Extraction of Bone Marrow mRNA, Reverse-Transcription-Polymerase Chain Reaction (RT-PCR), and Quantitative PCR
Extraction of bone marrow mRNA was performed with the RNAble system (Eurobio, Courtaboeuf, France), according to the manufacturer’s instructions. Samples were treated for DNA contamination by DNA digestion during RNA purification (Sigma). One μg of total mRNA was use for RT, performed with random hexamers and Superscript II reverse transcriptase (Invitrogen, Carlsbad, CA), and subjected to real-time quantitative PCR using a Taqman 7900 Detection System quantitative PCR (SYBR Green Jumpstart Taq ready mix; Sigma). All primers were designed using the PRIMER express program (FGF2: 5′-CACCAGGCCACTTCAAGGA-3′ and 3′-GATGGATGCGCAGGAAGAA-5′). The expression of FGF2 mRNA was normalized to RNA loading for each sample using 18S rRNA as an internal standard (18S: 5′-CAACTAAGAACGGCCATGCA-3′ and 3′-AGCCTGCGGCTTAATTTGAC-5′).
En Face Confocal Microscopy
Intravascular blood was first removed with an intracardiac injection of phosphate-buffered saline. After sampling, carotids were carefully taken and fixed for 20 minutes in phosphate-buffered saline containing 4% paraformaldehyde.
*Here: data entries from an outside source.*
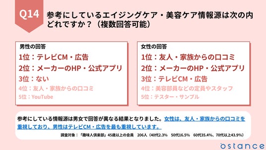 参考にしている美容情報源として女性は「友人・家族からの口コミ」が最多なのに対し、男性は「テレビCM・広告」が最多
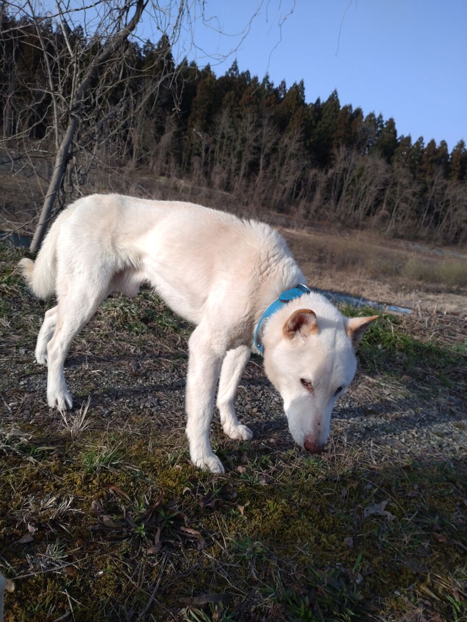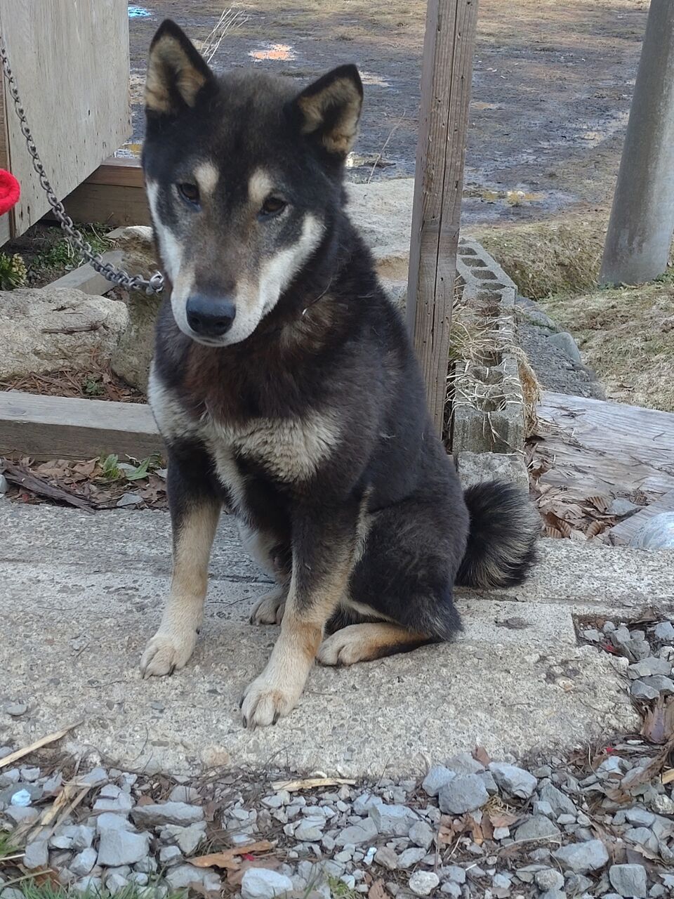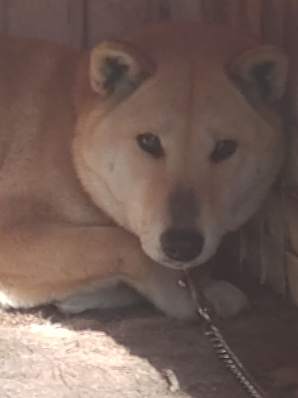 小春日和のこの日は、犬小屋の横で日向ぼっこしていた熊女ちゃんでしたが、カメラを向けたとたん犬小屋に入ってしまって、一歩も出できてくれませんでした😅
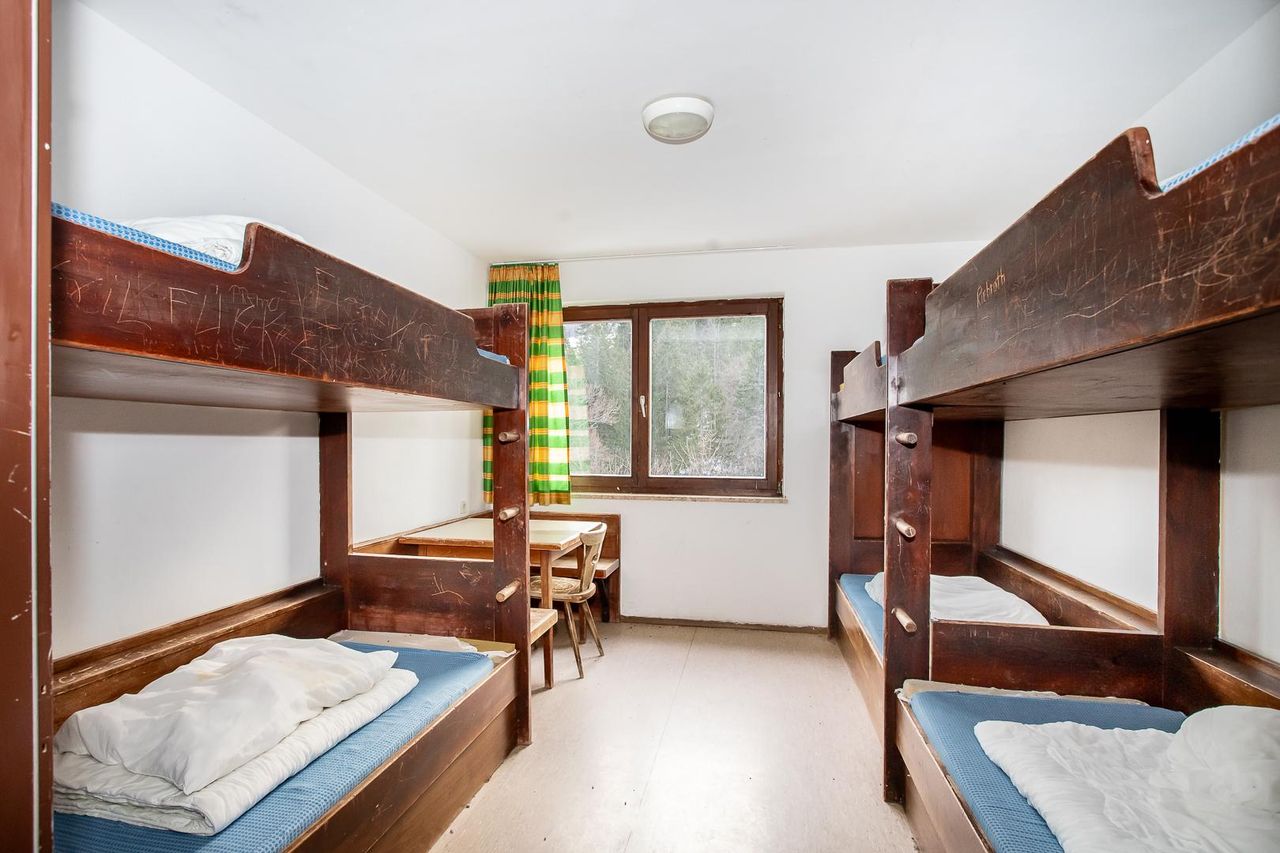 Das ehemalige Jugendgästehaus, welches im Jahre 1981 baubewilligt und in massiver Bauweise errichtet wurde, verfügt über Keller-, Erd-, 1. und 2. Obergeschoss sowie ein nicht ausgebautes Dachgeschoss und bietet folgende Raumaufteilung.
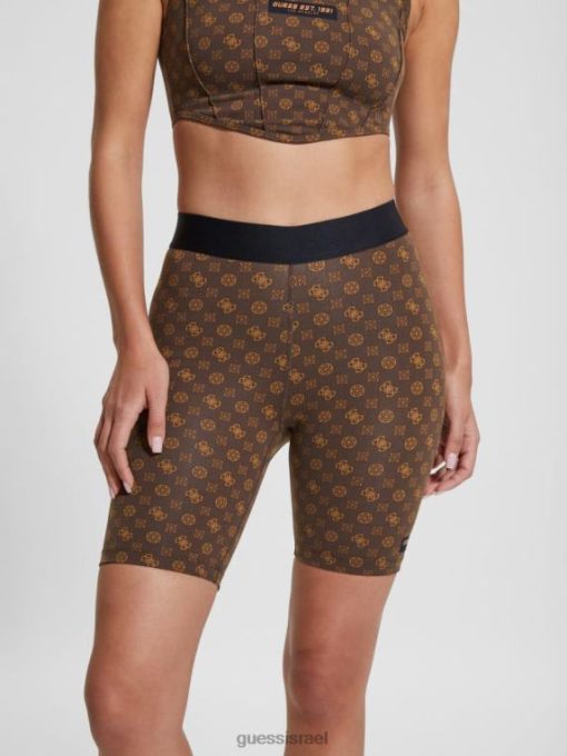 GUESS נשים מכנסי אופנוענים אגי F8RV2150 לבוש אולוגרמה חומה
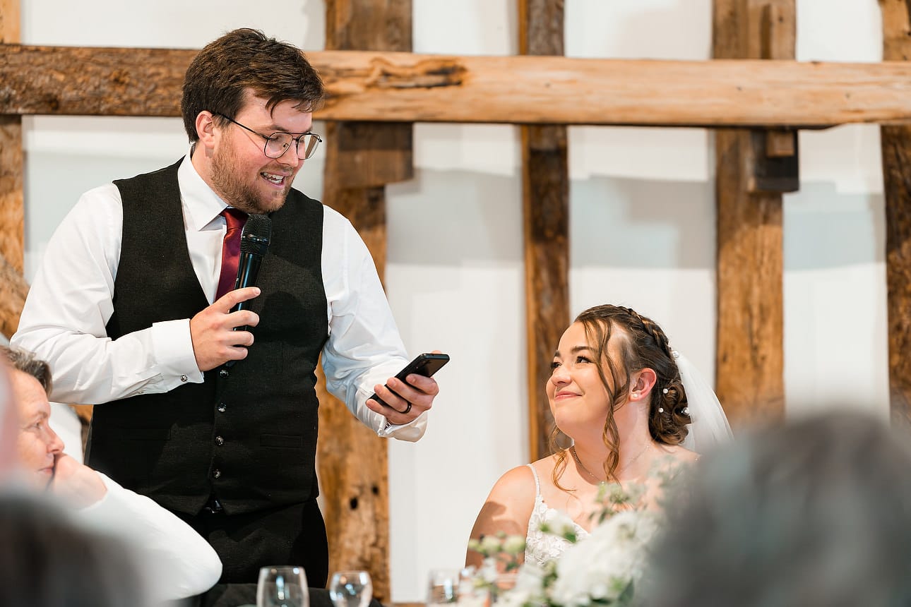 The ceremony took place in Clock Barn’s main barn — a space full of warmth and rustic charm. With its soaring beams and soft fairy lights, it felt both grand and intimate. Alice walked in with her dad to enjoy live acoustic music, accompanied by a reading from Pete’s sister before the couple exchanged vows.
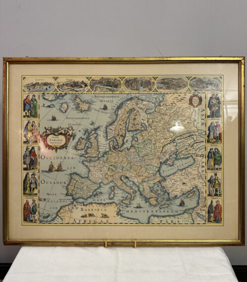 Historische Europakarte „Nova Europae Descriptio 1637“ im Goldrahmen
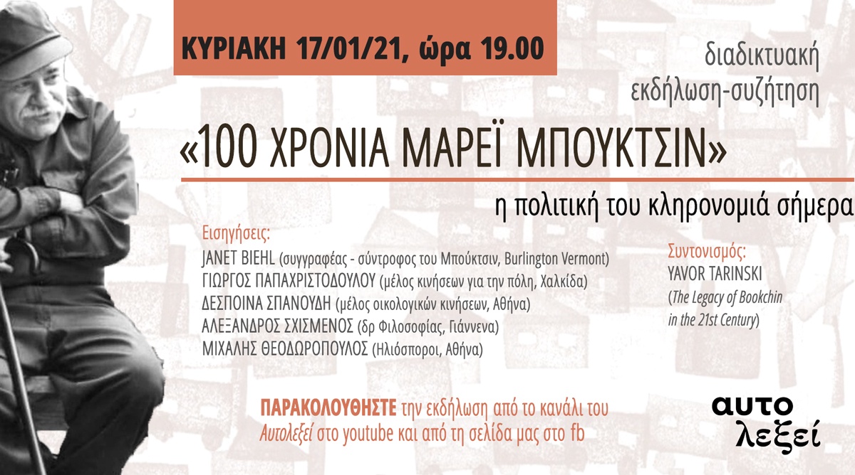 Φέτος, στις 14 Γενάρη, συμπληρώνονται 100 χρόνια από τη γέννηση του σπουδαίου στοχαστή και αγωνιστή Μάρρεϋ Μπούκτσιν. Πρόκειται για τον θεμελιωτή της κοινωνικής οικολογίας και για μία προσωπικότητα με σημαντική συνεισφορά στην εξέλιξη της ριζοσπαστικής δημοκρατικής θεωρίας και πράξης. Η σκέψη του, πάντοτε πολιτική και στραμμένη προς τη ριζική κοινωνική αλλαγή πέρα από Kράτος και Kεφάλαιο, έχει επηρεάσει τα κοινωνικά κινήματα σε όλο τον κόσμο αλλά και μία από τις σημαντικότερες επαναστατικές εμπειρίες της εποχής μας –τη Ροζάβα. Θεωρούμε ότι ο Μπούκτσιν είναι ένας από τους στοχαστές με τη σκέψη του οποίου είναι κρίσιμο να συνομιλούμε σήμερα και για αυτόν τον λόγο αναλαμβάνουμε τη διοργάνωση αυτής της συζήτησης.Συνομιλούμε με:– την Janet Biehl (συγγραφέα – σύντροφο του Μπούκτσιν, Burlington Vermont): «Η πολιτική κληρονομιά του Μπούκτσιν & η επανάσταση στη Ροζάβα»– τον Γιώργο Παπαχριστοδούλου (μέλος κινήσεων για την πόλη, Χαλκίδα): «Ο ελευθεριακός δημοτισμός & η σημασία της πόλης»– τη Δέσποινα Σπανούδη (μέλος οικολογικών κινήσεων, Αθήνα): «Πόλη & κοινωνική οικολογία»– τον Αλέξανδρο Σχισμένο (δρ Φιλοσοφίας, Γιάννενα): «Η πολιτική σκέψη του Μπούκτσιν & τα σύγχρονα κοινωνικά κινήματα»– τον Μιχάλη Θεοδωρόπουλο (Ηλιόσποροι, Αθήνα): «Η κληρονομιά του Μπούκτσιν στα συνεργατικά αγροτικά σχήματα & στα κοινοτικά εγχειρήματα αυτάρκειας-περμακουλτούρας»* Την κουβέντα θα συντονίσουν η Ιωάννα Μαραβελίδη και ο Yavor Tarinski του οποίου ο σχετικός συλλογικός τόμος Enlightenment and Ecology: The Legacy of Murray Bookchin in the 21st Century μόλις κυκλοφόρησε.ΚΥΡΙΑΚΗ 17/01/21, ώρα 7μ.μ.ΠΑΡΑΚΟΛΟΥΘΗΣΤΕ την εκδήλωση από το κανάλι του Αυτολεξεί στο youtube:

Carotids were then longitudinally opened, and fixation was quenched with 100 mmol/L glycine (pH 7.4), and samples were permeabilized for 10 minutes in 0.1% Triton X-100 and washed in phosphate-buffered saline. Fixed tissues were blocked with solution I (75 mM NaCl, 18 mM Na3 citrate, 2% goat serum, 1% bovine serum albumin, 0.05% Triton X-100, and 0.02% NaN3) for 2 hours at room temperature. Von Willebrand antibody (Dako, Trappes, France) was diluted in solution I (1:500) and incubated with carotids for 48 hours at 4°C. Then, tissues were washed with solution II (75 mM NaCl, 18 mM sodium citrate, and 0.05% Triton X-100) for 2 hours and rinsed in phosphate-buffered saline. Carotids were then incubated for 1 hour at room temperature with fluorophore-conjugated antibodies (goat anti-rabbit Alexa 633, 5 μg/ml; Molecular Probes, Eugene, OR) diluted in solution I. Finally, tissues were washed in solution I for 1 hour at room temperature. To label the nuclei, propidium iodide was used (2 μg/ml; Sigma). All preparations were mounted with Kaiser’s glycerol gelatin (Merck, Darmstadt, Germany). All microscopy imagery was performed with ZEISS LSM 510 (Carl Zeiss GmbH, Jena, Germany).
Statistics
Results are expressed as means ± SEM. To test the respective roles of E2 treatment, Fgf2 genotype, and chimerism on reendothelialization or on circulating EPCs, a two-factor analysis of variance was performed in the two sets of experiments. When an interaction was observed between the two factors, the four groups were compared using a one-factor analysis of variance. The results of this test are indicated by an asterisk when P < 0.05 to facilitate the reading of the figures. P < 0.05 was considered statistically significant.
Results
FGF2 Is Absolutely Required for the Effect of E2 on Reendothelialization and EPC Mobilization
Reendothelialization was evaluated in vivo after electric injury of carotid artery. As shown in Table 1 and Figure 1B, basal endothelial regeneration was similar in ovariectomized Fgf2+/+ and Fgf2−/− mice implanted with a placebo pellet. To test the respective roles of E2 treatment and FGF2 genotype on reendothelialization at day 3, we performed a two-factor analysis of variance, which revealed a significant interaction (P < 0.001). Indeed, E2 treatment significantly accelerated reendothelialization in Fgf2+/+ mice (P < 0.005) but had no effect in Fgf2−/− mice (P = 0.41, NS) (Figure 1B). Similar results were obtained at day 5 (Table 1), demonstrating that FGF2 is absolutely necessary for the E2-mediated acceleration of reendothelialization. As the level of significance of the accelerative effect of E2 on reendothelialization was similar at day (D) 3 and D5, we decided to study only D3 in the rest of the study.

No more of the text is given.